Paul-Max MORIN est l’auteur des livres L’Algérie de Macron Les impasses d’une politique mémorielle (2024, avec Ledoux Sébastien), Les Jeunes et la guerre d’Algérie (PUF 2022) et du podcast Sauce algérienne (Spotify 2022).
Vous êtes historien, spécialiste de la guerre d’Algérie et de la période coloniale et enseignant à Science Po Menton (université de Nice et Cevipof), comment avez-vous découvert l’histoire de ce coffre-fort situé au sous-sol du magasin Uniqlo à Marseille?
L’émergence des recherches autour de la plateforme Marsimperium et les pratiques de balades décoloniales menées par Ancrages dans la ville m’ont encouragé à impliquer mes étudiants sur les empreintes coloniales de Marseille. Un terrain d’aventure indiqué pour éveiller les esprits et stimuler l’approche critique au regard des contenus académiques actuelles.
De 1919 à 1960, le bâtiment accueille le siège marseillais de la Compagnie algérienne de crédit et de banque, comment expliquez-vous le décalage entre le cartel initial qui ne fait aucune mention au caractère colonial du bâtiment et de son activité bancaire?
En effet, construit en 1919 par l’architecte Henri Ebrard, ce bâtiment remarquable se distingue par une architecture typique du début du XXe siècle mêlant le néobaroque et l’Art nouveau.
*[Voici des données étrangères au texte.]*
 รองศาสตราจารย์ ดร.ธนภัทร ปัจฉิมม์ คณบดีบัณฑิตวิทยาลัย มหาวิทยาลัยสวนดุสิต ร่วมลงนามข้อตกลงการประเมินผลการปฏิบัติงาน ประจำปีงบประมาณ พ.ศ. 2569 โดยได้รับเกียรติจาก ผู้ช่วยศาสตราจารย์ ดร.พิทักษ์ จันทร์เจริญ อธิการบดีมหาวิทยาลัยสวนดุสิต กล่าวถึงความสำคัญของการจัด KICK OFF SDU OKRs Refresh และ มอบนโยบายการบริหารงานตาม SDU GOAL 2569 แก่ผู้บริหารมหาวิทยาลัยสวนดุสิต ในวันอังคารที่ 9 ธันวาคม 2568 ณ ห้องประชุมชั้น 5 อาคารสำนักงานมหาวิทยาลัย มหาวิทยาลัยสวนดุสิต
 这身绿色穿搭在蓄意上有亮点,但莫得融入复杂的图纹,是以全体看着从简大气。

Fondée en 1865 sous le nom de Société générale algérienne, la Compagnie algérienne (1877-1960) est une banque de dépôts et d’affaires ayant joué un rôle central dans la colonisation de l’Algérie par la France (1830-1962). Elle participe à l’appropriation et à l’exploitation des terres spoliées aux peuples autochtones par l’Etat français.
Ses activités principales consistaient initialement à mettre sur le marché les terres saisies, à placer des obligations publiques et privées dans sa clientèle en vue de financer la construction d’infrastructures en Algérie (chemins de fer, ports, aménagement du territoire) et à prêter de l’argent aux entreprises et aux colons s’installant en Algérie, notamment aux exportateurs de bétail, de vin et de céréales. La banque contrôlait aussi ou exploitait directement des fermes et des mines près de Constantine.
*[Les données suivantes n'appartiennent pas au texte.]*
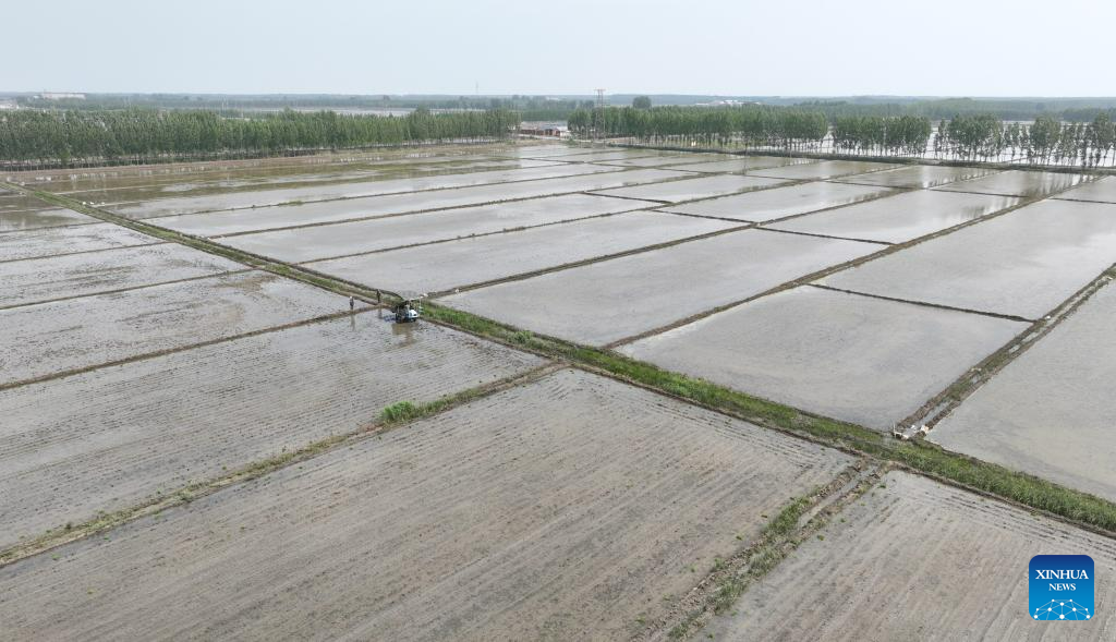 This aerial photo taken on May 18, 2023 shows farmers driving an agricultural vehicle to transplant seedlings of rice in fields of Chahe Town in Fengnan District of Tangshan city, north China's Hebei Province. Fengnan District is expected to sow 130,000 mu (8666.7 hectares) of rice this year. (Xinhua/Zhu Xudong)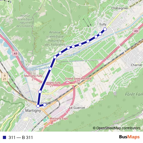 The first stop of the 311 bus route is Fully, poste and the last stop is Martigny, gare. 311 (B 311) is operational during an Werktagen.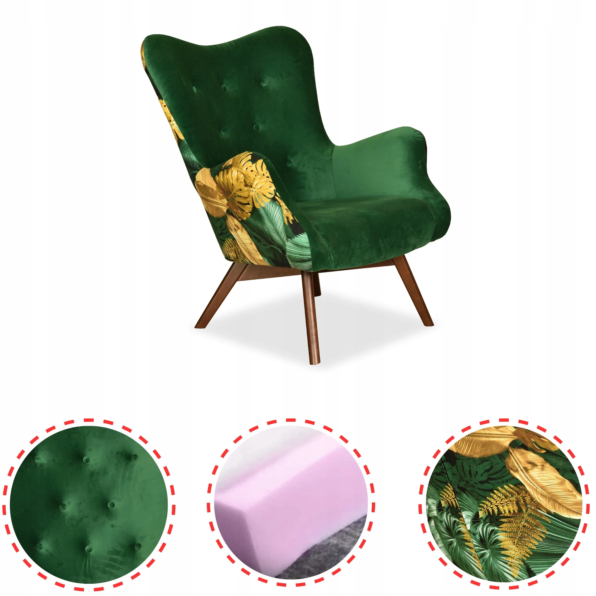 Wzory drukowane są na tkaninach welurowych i plecionkach. W skład kolekcji wchodzą wielobarwne motywy kwiatów. Fotel obity w tak efektowny wzór z pewnością ożywi każde wnętrze.

Son essor économique en Algérie et en Méditerranée accompagne l’expansion du projet colonial français. Au XXe siècle, la banque étend ses activités à la métropole et aux protectorats et mandats français au Maroc, en Tunisie, au Liban et en Syrie.
A partir des Indépendances, les actifs de la banque sont en partie nationalisés par les nouveaux États et en partie repris des banques françaises dont la Banque de l’union parisienne, puis le Crédit du Nord, intégré dans le groupe de la Société Générale.
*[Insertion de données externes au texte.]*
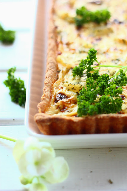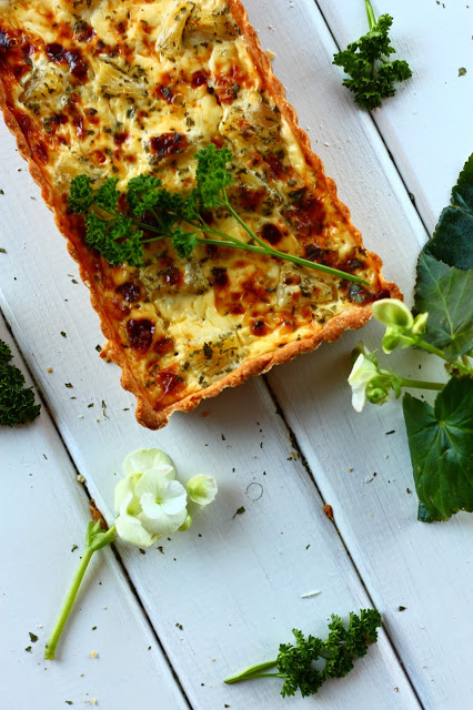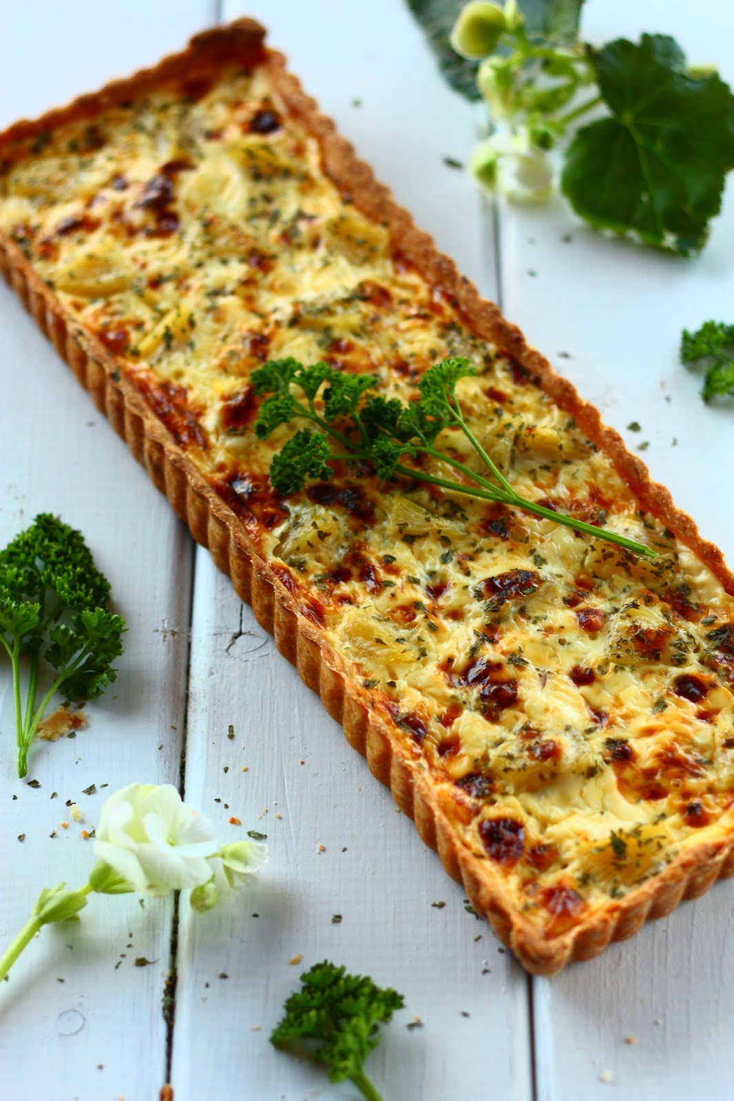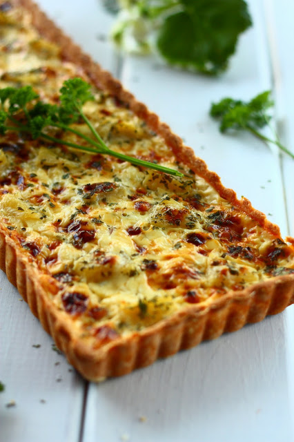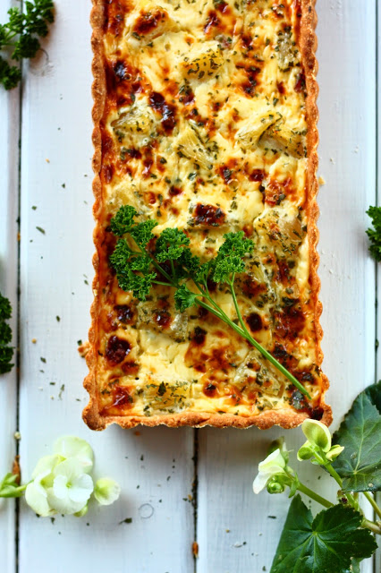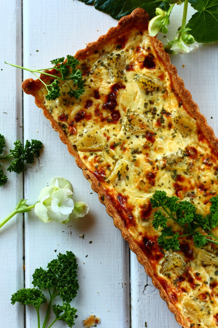 Tein ananasta ja aurajuustoa sisältävän kinkkupiirakan suorakaiteen muotoiseen vuokaan. Tonnikalaversio päätyi pyöreään vuokaan.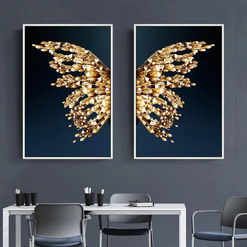 Abstract Gold Butterfly Wings Art for Living Room Decor
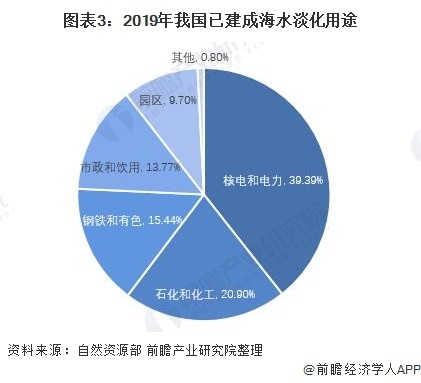 目前我國海水淡化主要用途為核電和電力領(lǐng)域,占我國海水淡化總量的39.39%,其次是石化和化工占海水淡化總量的20.90%,鋼鐵和有色占海水淡化總量的15.44%。與廣大人民群眾息息相關(guān)的市政和飲用水占海水淡化總量的13.77%。
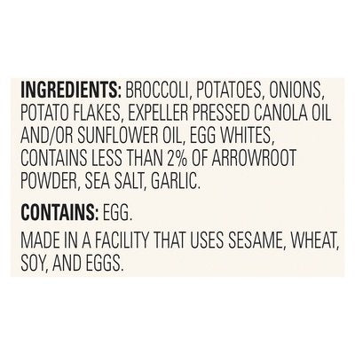 INGREDIENTS: Broccoli, Potatoes, Onions, Expeller Pressed Canola Oil, Potato Flakes, Egg Whites, Arrowroot Powder, Sea Salt, Garlic.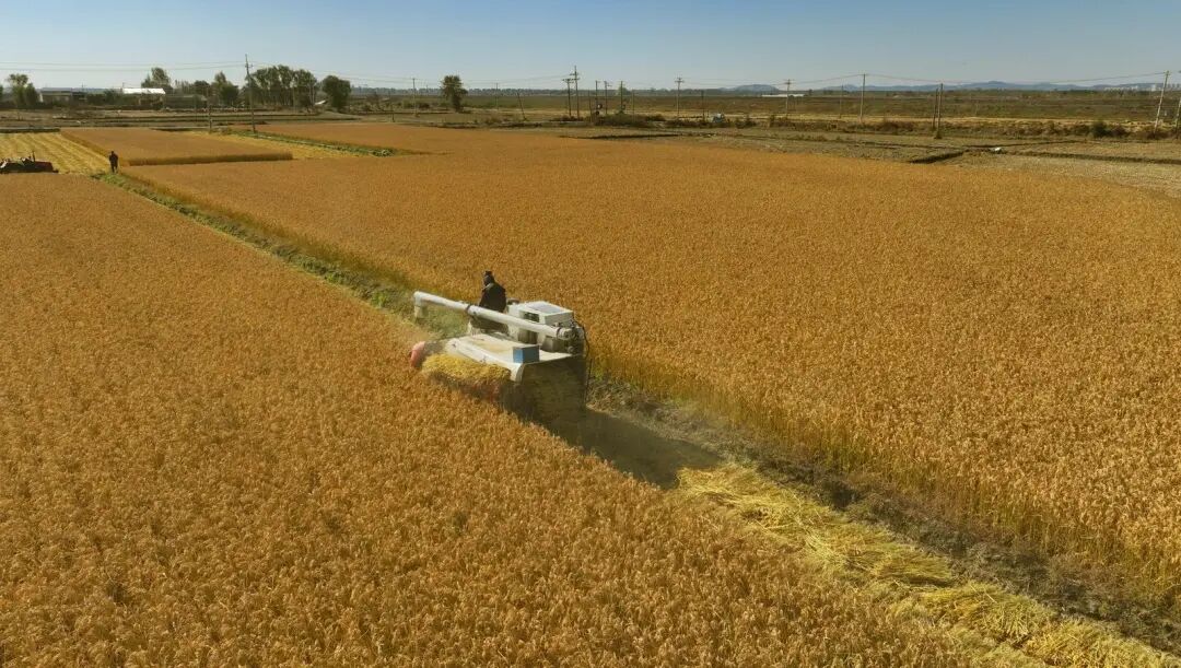 金秋十月,铁岭县双井子镇永收村的金利家庭农场里,一片繁忙的丰收景象。一望无际的稻田泛着金黄,5台大型收割机正开足马力,在田间轰鸣作响。

En 2021, la rénovation du bâtiment par les groupes Sebban et B&O pour accueillir Uniqlo rend accessible la salle des coffres au public – un vestige matériel d’une histoire coloniale longtemps méconnue.
Comment comptez-vous faire découvrir aux marseillais.es, cette face occultée du bâtiment et comment Uniqlo accueille vos démarches visant à révéler cet héritage colonial?
Nous travaillons avec la direction du magasin pour réécrire le cartel en sous-sol et développer une performance artistique valorisant ce passage du coffre-fort de la banque coloniale vers le salon d’essayage du magasin. C’est une façon de révéler les mémoires multiples du lieu. De nombreux grands magasins situés dans les centre-ville des grandes cités européennes puisent leurs origines dans l’histoire de l’esclavage et de la colonisation. La Monumentalité est à la hauteur de la prospérité des bâtiments. Le travail de « révélation » est fortement lié à l’engagement des associations et descendant.e.s de ces périodes historiques. Différents événements sont prévus en partenariat avec le Musée d’histoire de Marseille avec une table-ronde sur Le coffre-fort d’empire, le 14 octobre 2025 à 18h en présence de Xavier DAUMALIN, Marsimperium.org
Elle sera probablement suivie d’une inauguration de la nouvelle plaque en présence du maire de Marseille.
Il y a également un épisode de la chaine YouTube Histoires crépues en cours de réalisation et prévue pour septembre 2025.